Step 1: Calculate the moles of ethanol

The molar mass of ethanol (\(\text{CH}_3\text{CH}_2\text{OH}\)) is:
\[

$$\begin{align*} M &= 2(12.01) + 6(1.008) + 16.00 \\ &= 24.02 + 6.048 + 16.00 \\ &= 46.068 \, \text{g/mol} \end{align*}$$

\]
Moles of ethanol (\(n\)):
\[
n = \frac{m}{M} = \frac{116 \, \text{g}}{46.068 \, \text{g/mol}} \approx 2.518 \, \text{mol}
\]

Step 2: Heat the liquid ethanol from \(-75.3^\circ \text{C}\) to \(78.4^\circ \text{C}\)
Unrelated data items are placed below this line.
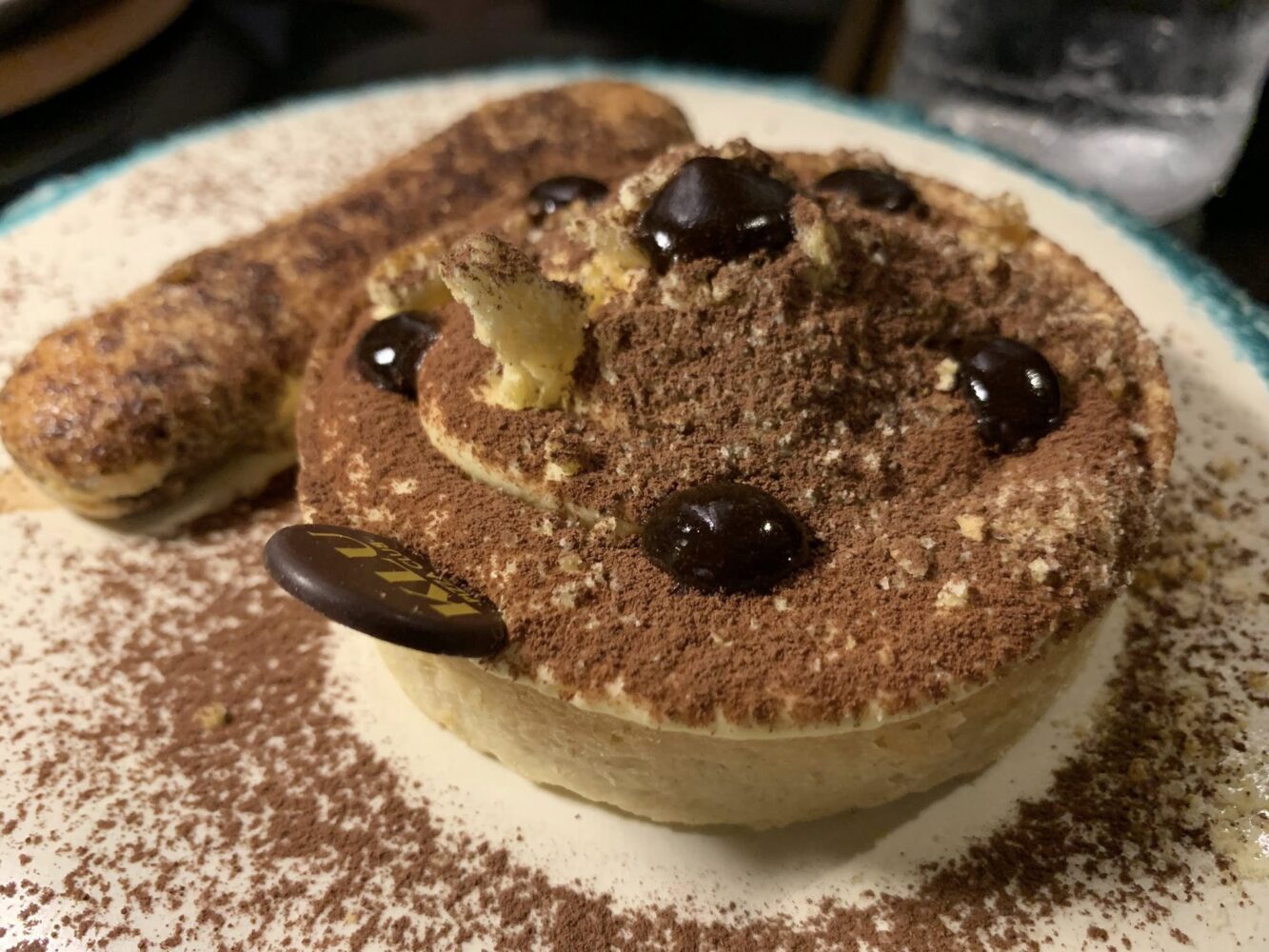Chiusura dolce, con dessert variamente interpretati, come nel caso del tiramisù, proposto in versione tartelletta.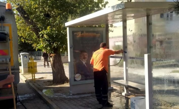 Kütahya’nın Gediz ilçesinde Belediye Temizlik İşleri Müdürlüğü ekipleri, tarafından ilçe genelinde vatandaşların ortak kullanım alanlarından olan otobüs duraklarında, temizlik ve dezenfeksiyon çalışmaları aralıksız devam ediyor.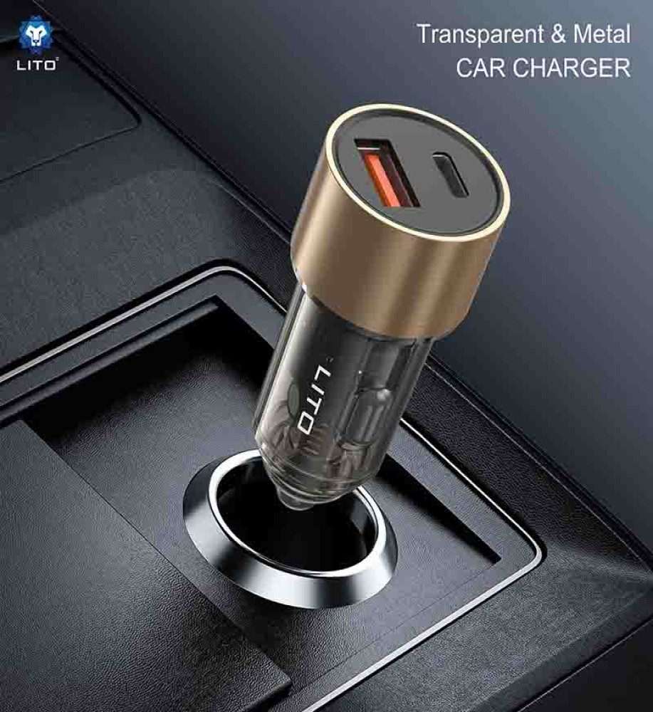 ليتو IN-C04 شاحن سيارة معدني شفاف 52 واط (27 واط Type-C PD + 25W USB-A) – منفذين شحن سريع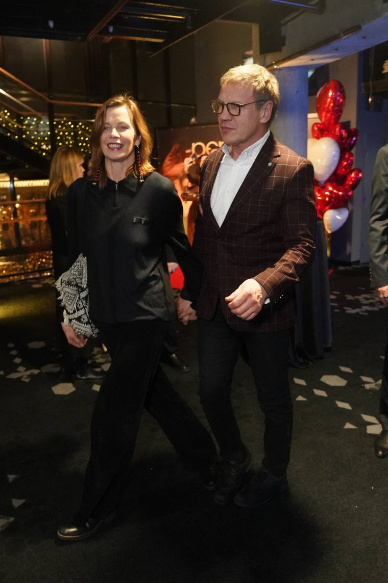 Andris Ozols uz filmas Perfektie pirmizrādi ieradās, rokās sadevies ar kādreizējo modeli, miljonāra Ainara Gulbja atraitni Unu Gulbi-Kārkliņu.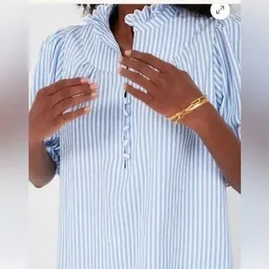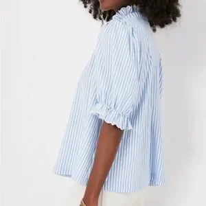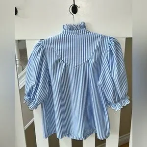 Tuckernuck Pomander Place Flirty Blue Stripe Selena Blouse Still sold on site! M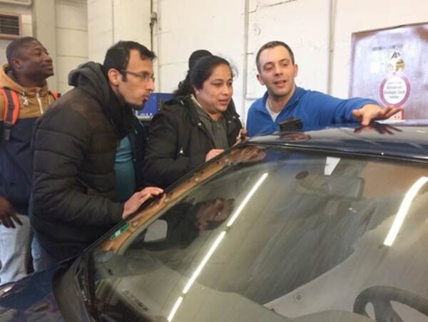 So konnten sich die Teilnehmer über verschiedenste Angebote für eine Ausbildung informieren und dabei unter Anderem selbst ausprobieren, wie man als geschulte "Smart-Repair-Fachkraft" bei einem Fahrzeug "Dellen ohne Lackieren entfernen" kann.

The specific heat capacity of liquid ethanol (\(c_{\text{liquid}}\)) is \(2.46 \, \text{J/g}^\circ\text{C}\).
The temperature change (\(\Delta T\)):
\[
\Delta T = 78.4^\circ \text{C} - (-75.3^\circ \text{C}) = 153.7^\circ \text{C}
\]
Heat required for heating (\(q_1\)):
\[
q_1 = mc\Delta T = 116 \, \text{g} \times 2.46 \, \text{J/g}^\circ\text{C} \times 153.7^\circ \text{C}
\]
\[
q_1 \approx 116 \times 2.46 \times 153.7 \approx 44700 \, \text{J} = 44.7 \, \text{kJ}
\]

Step 3: Vaporize the ethanol at its boiling point

The enthalpy of vaporization of ethanol (\(\Delta H_{\text{vap}}\)) is \(38.56 \, \text{kJ/mol}\).
Heat required for vaporization (\(q_2\)):
\[
q_2 = n\Delta H_{\text{vap}} = 2.518 \, \text{mol} \times 38.56 \, \text{kJ/mol} \approx 97.1 \, \text{kJ}
\]

Step 4: Total heat required

\[
q_{\text{total}} = q_1 + q_2 = 44.7 \, \text{kJ} + 97.1 \, \text{kJ} = 141.8 \, \text{kJ}
\]

Wait, let's check the calculations again for accuracy.

Recalculating Step 2:

\[
q_1 = 116 \, \text{g} \times 2.46 \, \text{J/g}^\circ\text{C} \times 153.7^\circ \text{C}
\]
\[
116 \times 2.46 = 285.36
\]
\[
285.36 \times 153.7 \approx 285.36 \times 150 + 285.36 \times 3.7 = 42804 + 1055.832 = 43859.832 \, \text{J} \approx 43.86 \, \text{kJ}
\]

Recalculating Step 3:

\[
q_2 = 2.518 \, \text{mol} \times 38.56 \, \text{kJ/mol}
\]
\[
2.518 \times 38.56 \approx 2.5 \times 38.56 + 0.018 \times 38.56 = 96.4 + 0.694 = 97.094 \, \text{kJ}
\]

Total heat:

\[
q_{\text{total}} = 43.86 \, \text{kJ} + 97.094 \, \text{kJ} \approx 140.95 \, \text{kJ} \approx 141.0 \, \text{kJ} \, (\text{to 4 significant figures})
\]

Wait, maybe I made a mistake in the specific heat capacity or enthalpy of vaporization. Let's confirm the values:

• Specific heat capacity of liquid ethanol: \(2.46 \, \text{J/g}^\circ\text{C}\) (correct)
• Boiling point of ethanol: \(78.4^\circ \text{C}\) (correct)
• Enthalpy of vaporization of ethanol: \(38.56 \, \text{kJ/mol}\) (correct)

Moles of ethanol:
\[
n = \frac{116 \, \text{g}}{46.07 \, \text{g/mol}} \approx 2.518 \, \text{mol} \, (\text{correct})
\]

Temperature change:
\[
\Delta T = 78.4 - (-75.3) = 153.7^\circ \text{C} \, (\text{correct})
\]

Heat for heating:
\[
q_1 = 116 \times 2.46 \times 153.7 = 116 \times 378.102 = 43859.832 \, \text{J} = 43.86 \, \text{kJ} \, (\text{correct})
\]

Heat for vaporization:
\[
q_2 = 2.518 \times 38.56 = 97.09 \, \text{kJ} \, (\text{correct})
\]

Total heat:
\[
43.86 + 97.09 = 140.95 \, \text{kJ} \approx 141.0 \, \text{kJ}
\]

So the total heat required is approximately \(\boldsymbol{141.0 \, \text{kJ}}\) (to 4 significant figures).